By now most of you must have heard about the Shared Nothing Live Migration capabilities introduced with Windows Server 2012 Hyper-V. If not I suggest you check it out over here and then come back here for some extra insights in how it works.

Shared Nothing Live Migration is not magic however. It is made possible by the fact that it relies on some of the new capabilities SMB 3.0 in Windows Server 2012 brought us. Once you know this you also realize that this can be quite fast. The reason for this is that you can design your the network for Shared Nothing Live Migration with 10Gbps or higher, Multi Channel and RDMA for unprecedented throughput. Yup Smile, if you invest in setting up networking right the remaining bottle neck might be the amount of storage IO you can handle whilst reading from the source and writing to the target, or the CPU load you put o your host. Windows will protect you from draining your host beyond reason by the way.

Making Shared Nothing Live Migration Work

You need to set if up of course and do it right. Here’s a list of steps you need to do / check on every Hyper-V host involved.

  1. Enable incoming and outgoing live migrations on all involved Hyper-V host otherwise it will not work. If your host are part of  a cluster this is taken care of for you.
  2. Select an authentication protocol (CredSSP or Kerberos)
    Kerberos authentication allows you to Live Migrate VMs without having to login to the source host’s server itself. Kerberos authentication does require you to configure constrained delegation in Active Directory (don’t go for "Trust this computer for delegation to any services". Follow the principle of least privileges possible.
  3. Set the number of Simultaneous Live Migrations. Experiment with the best value for you environment. Test a little what’s
  4. Set the networks(s) for incoming Live Migrations. It’s best to design this and not just use any network.

See Keith Mayer’s excellent blog for more details.

Constraint Delegation

Shared Nothing Live Migration needs some prep work security wise before it will work. In Active directory you need to set up so constraint delegation permissions. To some people the concept of constraint delegation is brand new but if you’ve been deploying multi tiered web applications in your environment before this is a cookie you’ve dealt with many times before. It’s the same approach you need to get a web client using Windows Authentication to talk via an IIS web app or service to a SQL Server database and/or read file data from somewhere you’ve been configured this plenty of times.

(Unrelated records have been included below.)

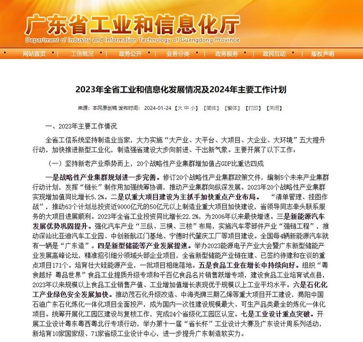 [本站 资讯] 1月24日,广东省工业和信息化厅发布2023年全省工业和信息化发展情况及2024年主…
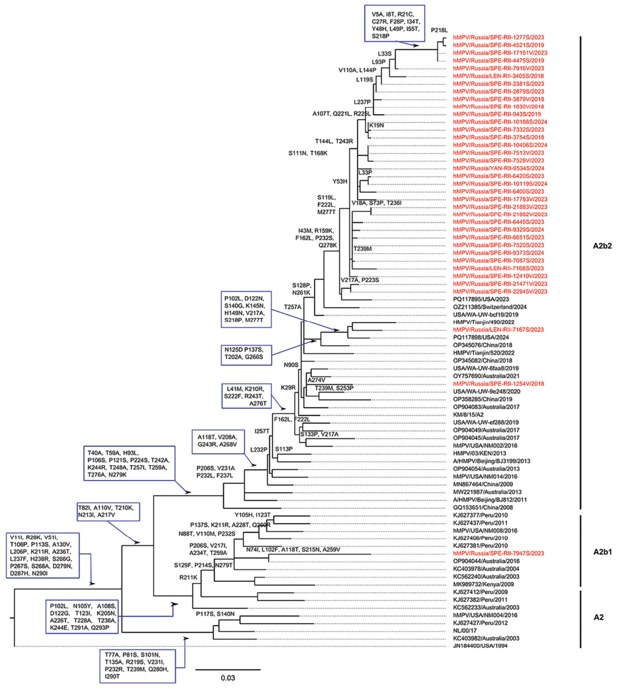 Fig. 2. Global diversity of human metapneumoviruses based on whole-genome sequencing data. Isolates from the Russian Federation are marked in red.
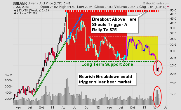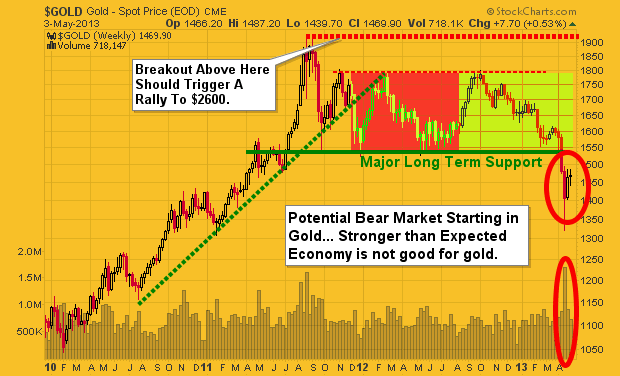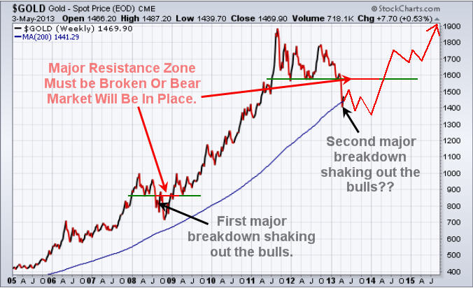 If you take a look at the chart below of gold you will notice that in 2008 we had a similar breakdown in price which purged the market of investors who where long gold. And if you compare the last two breakdowns they look very much the same. If price holds true then much higher prices are likely to unfold at the end of 2013.
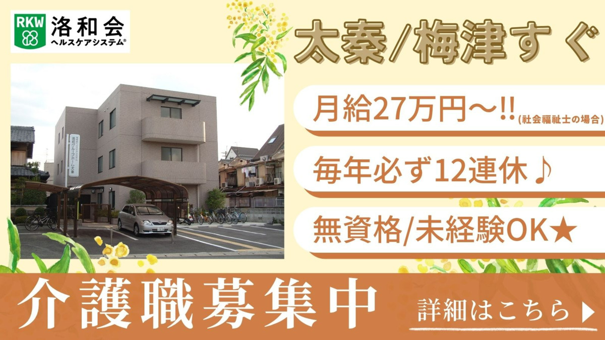 洛和 グループホーム 太秦では、家庭的で心地よい雰囲気の中で入居者様と心を通わせながら働くことができます。京都府京都市右京区太秦袴田町という歴史と文化の薫り高い場所で、地域とのつながりを大切にした介護を実践しています。入居者様一人ひとりに寄り添い、その方に最適なケアを提供することを目指しています。この温かい環境で、あなたの介護スキルを最大限に発揮してみませんか?
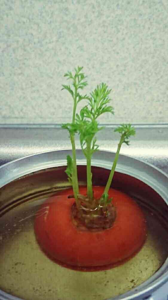 ニンジンの切れ端から出る芽。 可愛いサイズの切れ端が出ると、ついつい育ててしまう。

Use an account to perform the Shared Nothing Live Migration that has administrator privileges on all computers that are involved. While you can use groups in AD to make your live and permission management easier when it comes to granting Share permissions & NTFS rights on folders it doesn’t work that way with constraint delegation. Groups can not be used here so you’ll need to use individual accounts. PowerShell scripting here can help lessen the work if you have many hyper-v hosts involved. In large environments (up to 64 nodes!) this inundates the constraint delegations tab with computer names, so PowerShell really is your friend here.

On each computer object you need to set the delegation permissions for the  CIFS and the Microsoft Virtual System Migration Service to all other computers you want to involve in Shared Nothing Live Migration as a source or a target.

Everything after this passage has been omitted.